King has been instrumental in drafting legislation currently going through parliament on the control of synthetic cannabinoids, such as the smoking mixture Spice. Without someone with this knowledge and expertise, the government is going to struggle to digest the ’intensely chemical’ package of proposed controls, says King.
’Chemistry is coming more to the fore,’ says Nutt. ’Losing such a senior, experienced chemist as Les King is a very stupid mistake because he’s the only person who understands - he put together the legislation around Spice and now he’s gone.’
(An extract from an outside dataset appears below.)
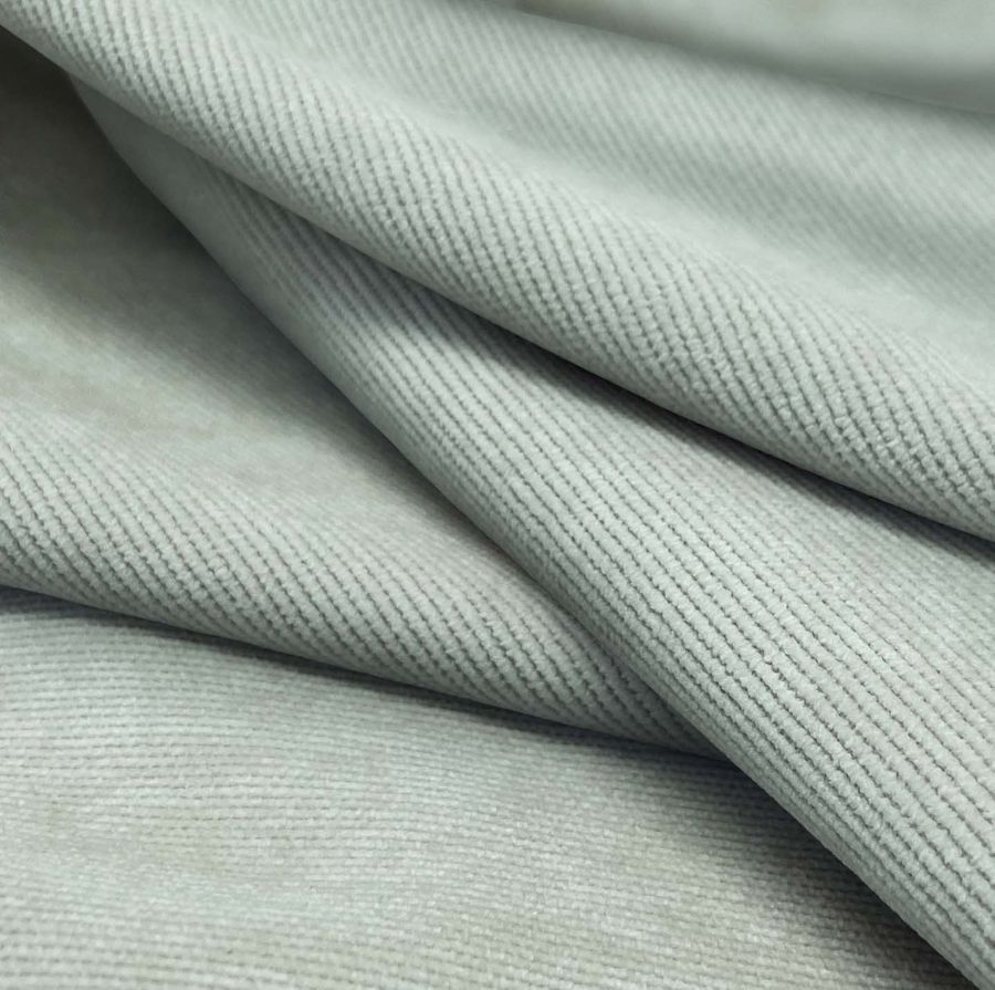 La tela base es la Pana Aterciopelada - Dublin, con una composición de 85% poliéster, 12% poliamida y 3% elastano, con un gramaje de 280 gr/m2 y un ancho de 150 cm. El color liso impreso es azul bebé, con una combinación CMYK de 33 13 24 1. Este color evoca tranquilidad y serenidad, ofreciendo una sensación de frescura y suavidad. Combina particularmente bien con tonos marrones y grises. Es importante destacar que la tela está impresa solo en una cara mediante impresión digital textil.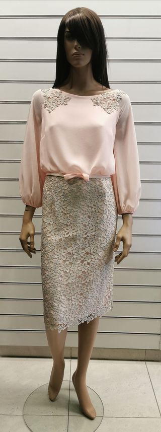 🌷 Elegancia discreta con tejidos y diseño que enamoran Vestido corto por debajo de la rodilla, nuevo y sin estrenar, procedente de tienda. Confeccionado en gasa ligera con escote barco y manga, aporta un aire refinado y muy favorecedor. La falda en guipur completa el conjunto con un toque de textura y sofisticación, ideal para celebraciones de día o eventos especiales con estilo. Talla XXXL (46 / 18). Perfecto para madrinas, madres de la novia o invitadas que desean sentirse cómodas, elegantes y seguras en una ocasión única. Precio original: 690 € — pieza de boutique a un precio exclusivo. ¿Te interesa? Escríbeme para más fotos

Outside the ACMD, scientists from the wider scientific community have been showing their support for Nutt and using the circumstances surrounding his dismissal to call for a new code of conduct for government and science advisers to be drawn up. Twenty-eight leading UK scientists yesterday called on the government to endorse new ’Principles for the treatment of scientific advice’, which they say would ’enhance confidence in the scientific advisory system and help government to secure essential advice’.
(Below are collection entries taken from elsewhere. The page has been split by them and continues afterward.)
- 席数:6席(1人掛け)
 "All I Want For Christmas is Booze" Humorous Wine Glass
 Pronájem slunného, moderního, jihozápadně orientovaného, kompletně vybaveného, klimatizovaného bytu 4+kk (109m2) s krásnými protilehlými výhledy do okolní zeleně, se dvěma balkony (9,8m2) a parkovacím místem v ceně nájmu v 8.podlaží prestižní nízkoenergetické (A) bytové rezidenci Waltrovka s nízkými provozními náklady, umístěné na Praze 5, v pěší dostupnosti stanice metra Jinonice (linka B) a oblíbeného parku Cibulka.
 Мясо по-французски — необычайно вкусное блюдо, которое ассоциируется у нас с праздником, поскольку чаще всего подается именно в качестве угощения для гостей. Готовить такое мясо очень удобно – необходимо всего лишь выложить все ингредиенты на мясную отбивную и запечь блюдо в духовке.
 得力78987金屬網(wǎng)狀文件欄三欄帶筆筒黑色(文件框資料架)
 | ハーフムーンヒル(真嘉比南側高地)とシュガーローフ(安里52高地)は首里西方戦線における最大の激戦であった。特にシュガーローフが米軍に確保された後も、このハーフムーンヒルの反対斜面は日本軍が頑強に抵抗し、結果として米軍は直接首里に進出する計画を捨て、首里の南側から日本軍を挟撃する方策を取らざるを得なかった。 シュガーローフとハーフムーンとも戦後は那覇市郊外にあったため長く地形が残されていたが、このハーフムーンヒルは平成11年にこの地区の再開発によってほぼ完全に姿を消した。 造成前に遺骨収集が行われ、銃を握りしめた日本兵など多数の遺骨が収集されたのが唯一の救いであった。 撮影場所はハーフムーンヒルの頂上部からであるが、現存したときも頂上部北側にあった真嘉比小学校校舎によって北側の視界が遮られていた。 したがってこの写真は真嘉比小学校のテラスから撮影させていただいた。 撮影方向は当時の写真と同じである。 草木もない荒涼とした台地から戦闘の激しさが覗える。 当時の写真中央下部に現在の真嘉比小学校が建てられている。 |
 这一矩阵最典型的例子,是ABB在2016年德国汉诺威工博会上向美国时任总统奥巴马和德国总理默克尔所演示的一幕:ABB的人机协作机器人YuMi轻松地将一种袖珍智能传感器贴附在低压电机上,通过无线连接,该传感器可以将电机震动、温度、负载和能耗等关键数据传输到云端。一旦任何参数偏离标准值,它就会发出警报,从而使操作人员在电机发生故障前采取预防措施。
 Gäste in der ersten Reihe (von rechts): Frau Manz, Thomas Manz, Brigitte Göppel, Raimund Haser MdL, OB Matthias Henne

Roger Pertwee, an expert in cannabinoid pharmacology from the University of Aberdeen, UK, agrees that the rules must be made clearer. Members of advisory councils ’should be perfectly free to talk about the science unless [they have] signed some confidentiality agreement’, he says.
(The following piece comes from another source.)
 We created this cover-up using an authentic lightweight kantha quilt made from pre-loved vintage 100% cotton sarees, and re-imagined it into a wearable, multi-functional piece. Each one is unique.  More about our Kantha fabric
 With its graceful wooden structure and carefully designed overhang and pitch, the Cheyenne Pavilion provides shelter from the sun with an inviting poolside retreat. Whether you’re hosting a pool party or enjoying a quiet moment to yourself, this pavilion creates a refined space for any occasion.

’This is not the first time that advisers have given advice and governments have ignored it,’ says John Mann, emeritus professor of chemistry at Queen’s University Belfast, UK, and author of a recent book on psychoactive drugs. ’Unfortunately, most politicians are scientifically illiterate, and so if the science doesn’t suit their requirements, there is always going to be the tendency for them to ignore it.’
Reform or replace
Nutt has made it clear that he is willing to establish an independent committee to provide scientific advice on drugs distinct from the ACMD, and has already received an offer of financial backing for the venture. Unless the rules of the ACMD change, he says, it will be impossible for the council to regain the trust of the public.
’I don’t want to set up an independent council,’ says Nutt, ’but if the government doesn’t react to the issues that have been raised by my sacking and change the way in which the drugs council is managed, the public and the media will not believe what it says.’
Les King has agreed to join Nutt’s independent committee if it is formed: ’I’d like to carry on giving chemical advice to government in some way,’ he says. ’It needs it because chemistry is at the core of what the advisory council does.’